Abstract

Selection and implementation of an appropriate feature extraction technique is a crucial factor for attaining high recognition accuracy in any field of image processing. Several Statistical and Structural based methodologies have been proposed for facial feature extraction. This paper focuses on the well known statistical moments-based, Zernike Moments (ZMs) and the Pseudo-Zernike Moments (PZMs), as well as two-dimensional Polar Harmonic Transform (PHT) descriptors [1]. The latest survey of the literature has shown the application of PHTs only in the field of fingerprint recognition [2] and character recognition [1]. This paper experiments their importance for face recognition.
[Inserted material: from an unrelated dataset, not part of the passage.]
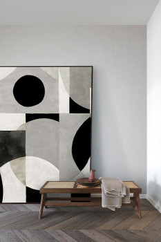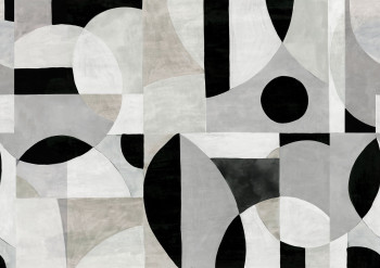 Vliesová obrazová tapeta na zeď, geometrický vzor, odstíny šedé, šedo-béžové a černé.

The performance is analyzed and compared with the existing ZMs and the PZMs in terms of accuracy, computational complexity, invariance, robustness to noise and reconstruction ability. The accuracy is evaluated through the widely used ORL Database comprising of 400 face images of 40 people with slight variations in pose, expressions, lighting and facial occlusion [3]. To verify its adaptability for rotated pose variations between 0° - 90°, the well known UMIST pose face database comprising of 575 images of 20 individuals has been explored [4]. The overall accuracy is evaluated through the Nearest Neighbor Classifier. High recognition accuracy of 97.5% is obtained for PHTs on the ORL database as compared to 95.3% and 94.8% achieved by PZMs and ZMs respectively. Experimental results also show that PHTs perform better than ZMs and PZMs on scale invariance, rotation invariance and noise invariance achieving 97.25%, 98.7% and 94% accuracy respectively as achieved by [5] and possess very low computational complexity because the time required for computing their radial kernels is considerably less.